Use Central Log Management for Security Event Monitoring Use Cases

Use Central Log Management for Security Event Monitoring Use Cases

Published: 12 October 2016 ID: G00299625


Security and risk management leaders seek to improve threat monitoring and detection capabilities, regardless if they are starting from scratch or already have capabilities in place. The use of central log management tools can address these cases, in addition to traditional compliance use cases.


Key Challenges

  • Fragmented or incomplete log collection hampers security monitoring and incident response. Examination and analysis of log data from multiple sources is critical in quickly determining whether a suspected security incident has occurred (and is mandated by many compliance regimes).
  • Midsize organizations often lack the staff and training to support the deployment and operation of a security information and event management (SIEM) product to support security log management and investigation activities.
  • SIEM tool licensing approaches are causing friction and increasing frustration for organizations, as they must tailor log and event collection to maximize existing license capacity and budgetary constraints.
  • Use cases beyond foundational security capabilities are driving increasing interest and use of central log management (CLM) tools, but many clients are not aware of these new use cases.

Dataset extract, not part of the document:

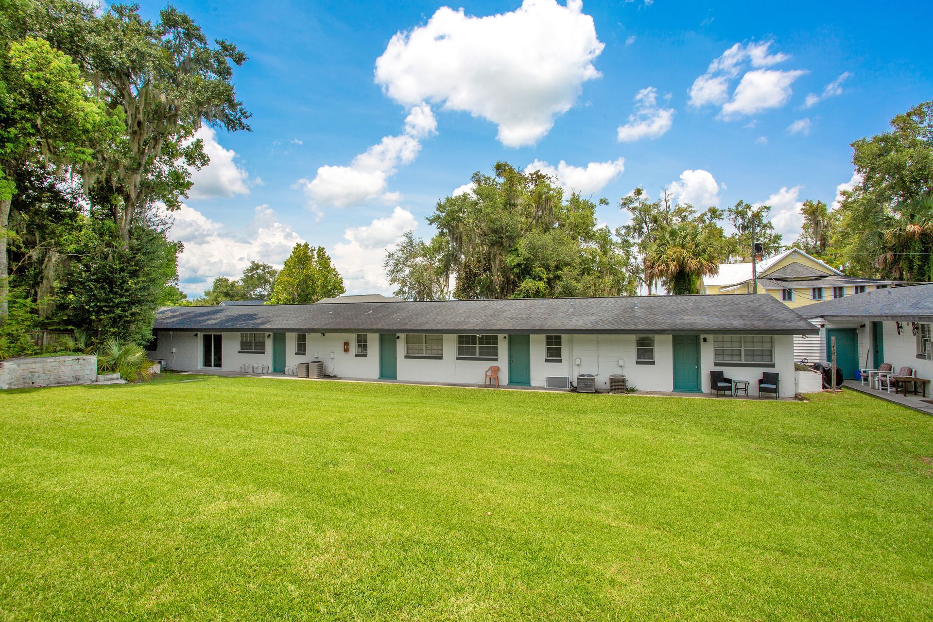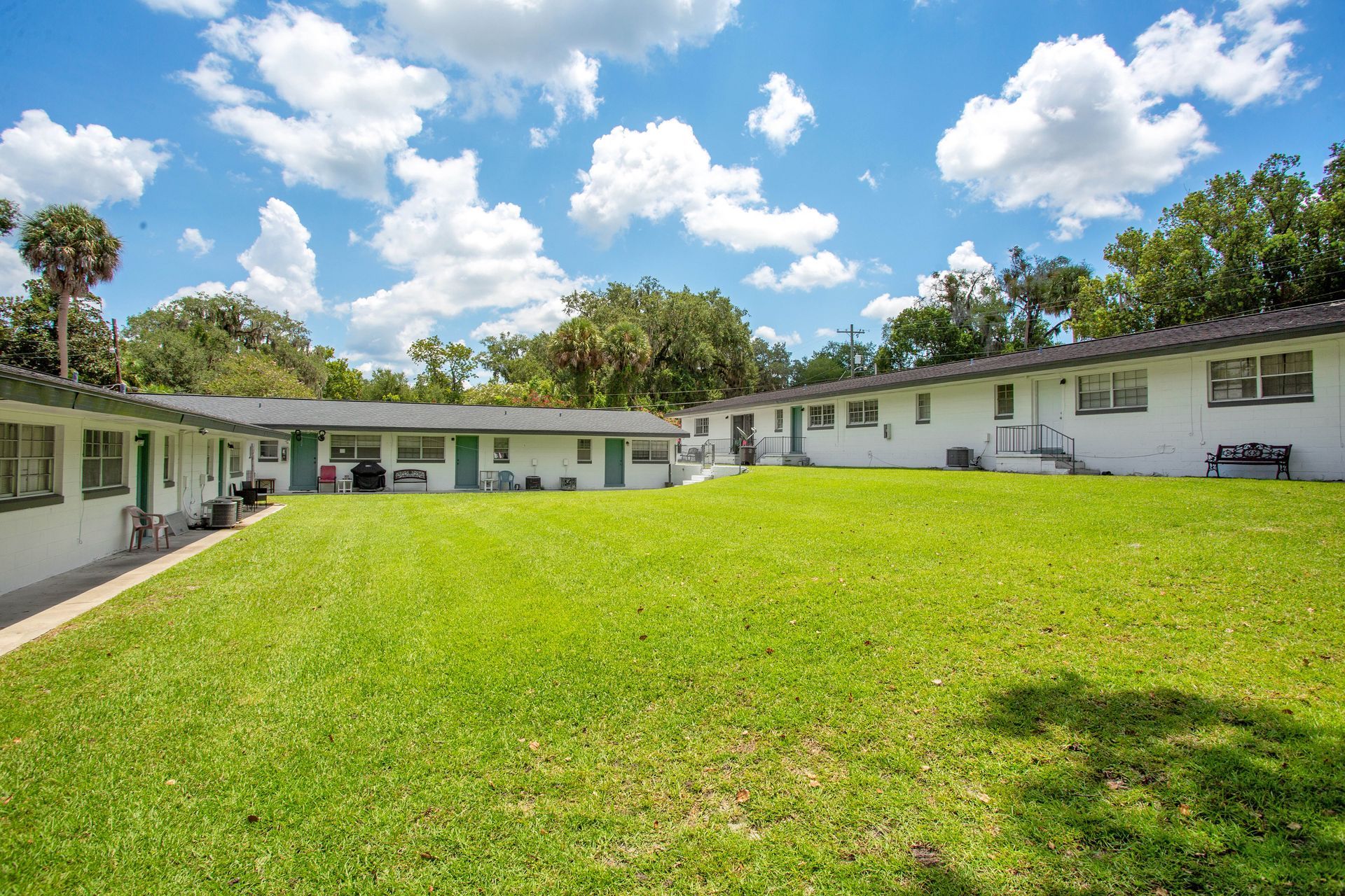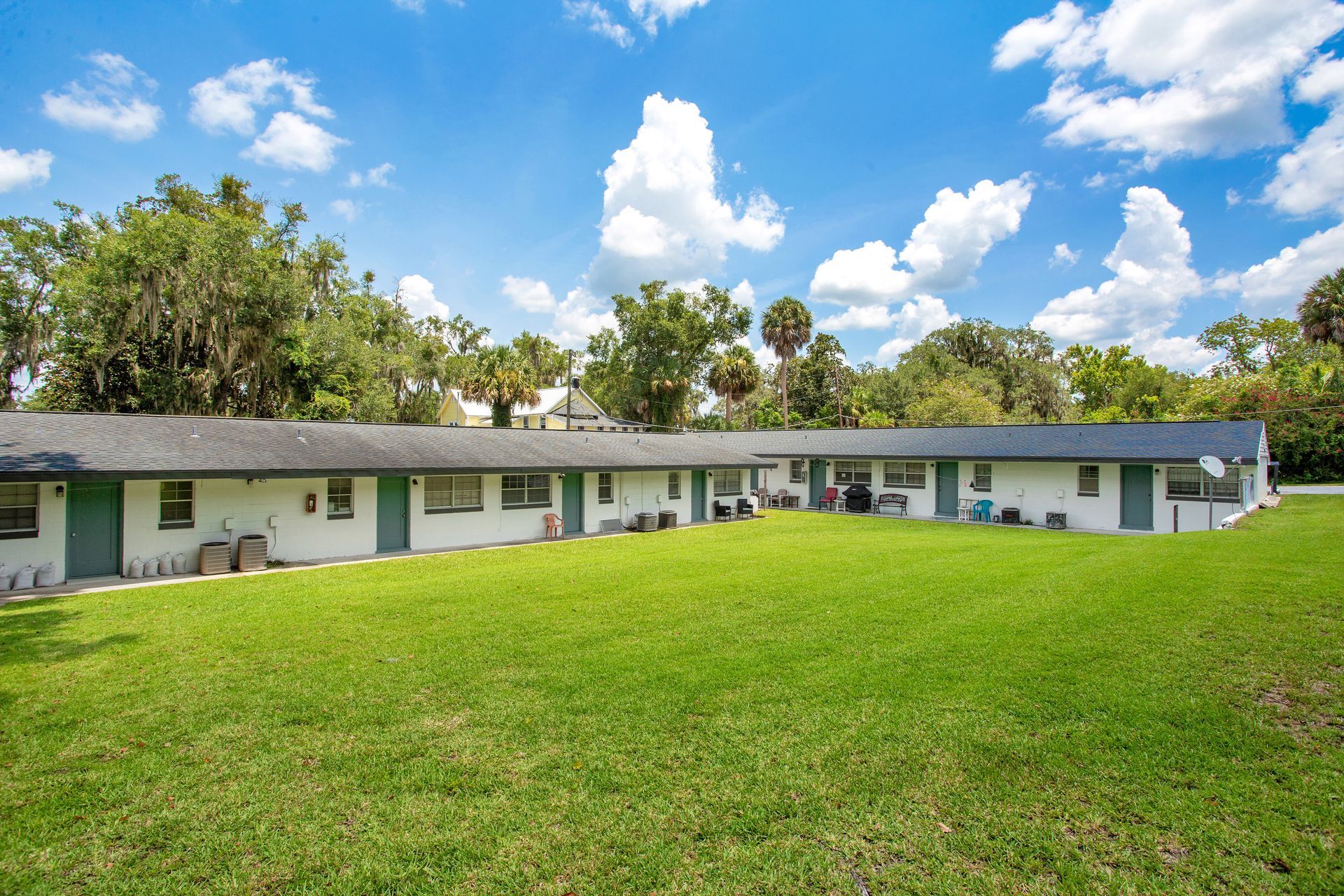 The Gordy's defining architectural feature is its private central courtyard — a large grassy space enclosed by the community's single-story buildings, creating an intimate outdoor environment that belongs exclusively to residents. The courtyard is the hub of community life at The Gordy: it houses the outdoor kitchen with covered seating, the fire pit, and the central lawn that gives the community its open, resort-like feel. In a city where most apartment communities either have no meaningful outdoor amenity or a small balcony, The Gordy's private courtyard is a genuine differentiator. Select apartment homes feature sliding glass doors that open directly onto the courtyard lawn — creating a seamless indoor-outdoor living experience that's especially valuable in Ocala's climate for most of the year.

Security and risk management leaders responsible for security monitoring and operations should:
  • Use a CLM tool to address security monitoring and compliance use cases where there are insufficient resources or budget for a SIEM or for managed security services.
  • For midsize organizations, look to use existing IT and network operations log management tools to collect and manage security event logs.
  • Consider a multitier approach using a CLM tool when planning a SIEM deployment to avoid overutilization, and overlicensing, from the start.
  • Use a CLM tool to better manage your existing SIEM tool investment if your organization has an existing SIEM solution that cannot scale its collection and analysis capabilities due to budget constraints.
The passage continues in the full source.